• _INSTRUCTIONS TO FOLLOW_
In the records below, find the line that contains "ALPARSLAN DİYARI- İlçeye" and the line that contains "5、然后选择你想看的漫画,无论你是想添加到书架,还是到本地都可以轻松实现。". Set down exactly those lines and every line between them, and nothing more.

• _AVAILABLE RECORDS_

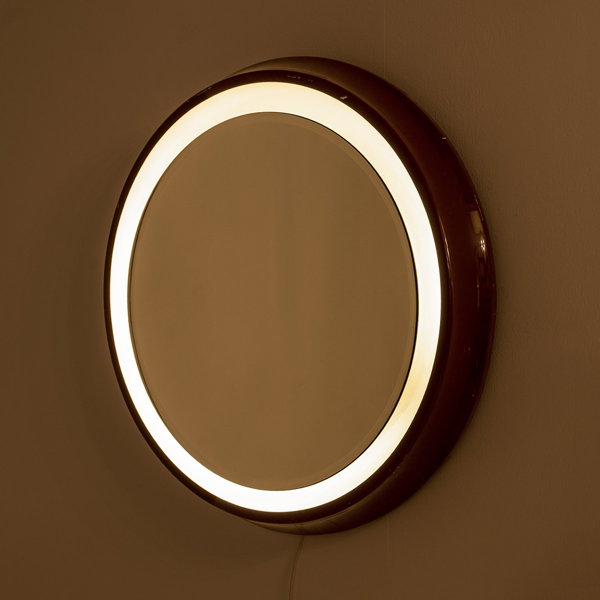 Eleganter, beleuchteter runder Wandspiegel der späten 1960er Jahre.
...
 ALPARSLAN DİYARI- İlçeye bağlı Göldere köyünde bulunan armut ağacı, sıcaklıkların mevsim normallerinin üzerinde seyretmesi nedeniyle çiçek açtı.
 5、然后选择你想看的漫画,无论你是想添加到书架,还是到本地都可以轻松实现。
---
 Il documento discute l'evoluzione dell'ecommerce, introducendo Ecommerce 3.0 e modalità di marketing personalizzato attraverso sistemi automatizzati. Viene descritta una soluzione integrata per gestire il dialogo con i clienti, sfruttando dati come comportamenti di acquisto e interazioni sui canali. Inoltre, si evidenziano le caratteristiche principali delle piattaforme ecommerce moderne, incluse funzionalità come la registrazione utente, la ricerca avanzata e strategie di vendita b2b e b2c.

• _OUTPUT_
 ALPARSLAN DİYARI- İlçeye bağlı Göldere köyünde bulunan armut ağacı, sıcaklıkların mevsim normallerinin üzerinde seyretmesi nedeniyle çiçek açtı.
 5、然后选择你想看的漫画,无论你是想添加到书架,还是到本地都可以轻松实现。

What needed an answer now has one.